== PROVIDED DATA ==

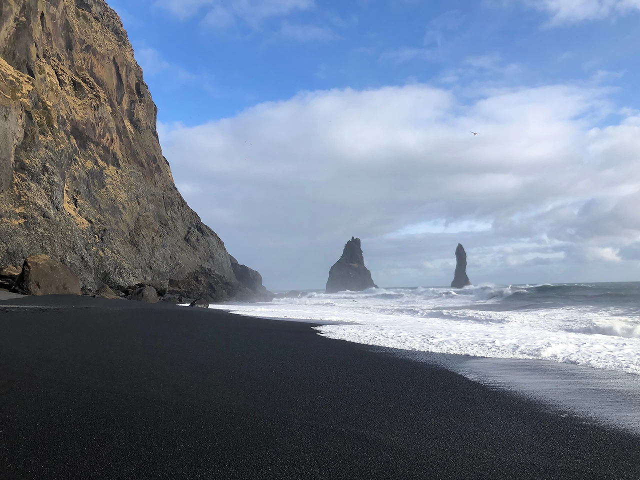 점심으로 햄버거를 먹고 배를 든든하게 채운 후, 디르홀레이로 향했다. 디르홀레이는 등대와 코끼리 바위, 그리고 검은 모래 해변의 전경을 볼 수 있는 작은 반도 지역이다. 레이니스 피아라(Reynifjara)와 이웃해 있는 남부 아이슬란드 관광 명소이다. 디르홀레이는 등대를 기준으로 한쪽은 검은 모래 해변(Endless black beach)을 볼 수 있고, 반대 편에는 코끼리 바위를 볼 수 있다. 프랑스 노르망디 해안의 에트르타 절벽에서 본 코끼리 바위, 몰타 고조 섬 명물이었으나 무너져서 이제는 볼 수 없다는 아주리 윈도우(Azure Window)를 연상시킨다.
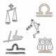 Libra is represented by the scales of justice in a custom cut vinyl sticker page with six different images, including line ink drawings, symbols in black and gold, a black constellation of stars, and Libra text in a fabulous black handwritten font.
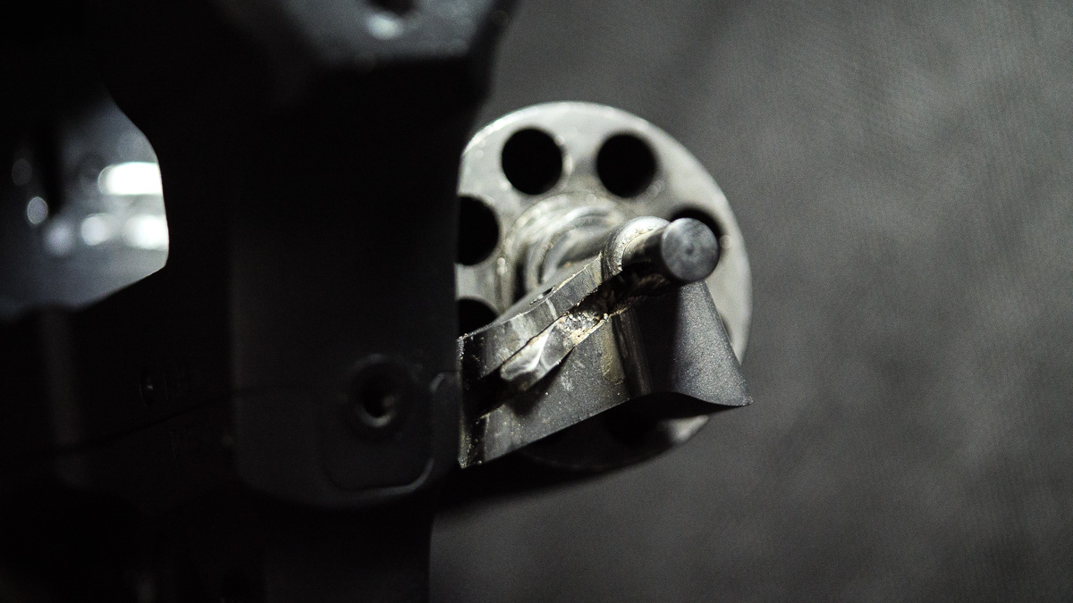 The barrels aren’t the only thing doubled. There are two independent firing pins, too. Although revolvers are known for their reliability, even if you had a failure with one chamber or one firing pin, the other would still fire.

===

Give again, exactly, each line from the one that contains "Libra is represented" through the last line of the material above. Pictures do not belong in the copy.

 Libra is represented by the scales of justice in a custom cut vinyl sticker page with six different images, including line ink drawings, symbols in black and gold, a black constellation of stars, and Libra text in a fabulous black handwritten font.
 The barrels aren’t the only thing doubled. There are two independent firing pins, too. Although revolvers are known for their reliability, even if you had a failure with one chamber or one firing pin, the other would still fire.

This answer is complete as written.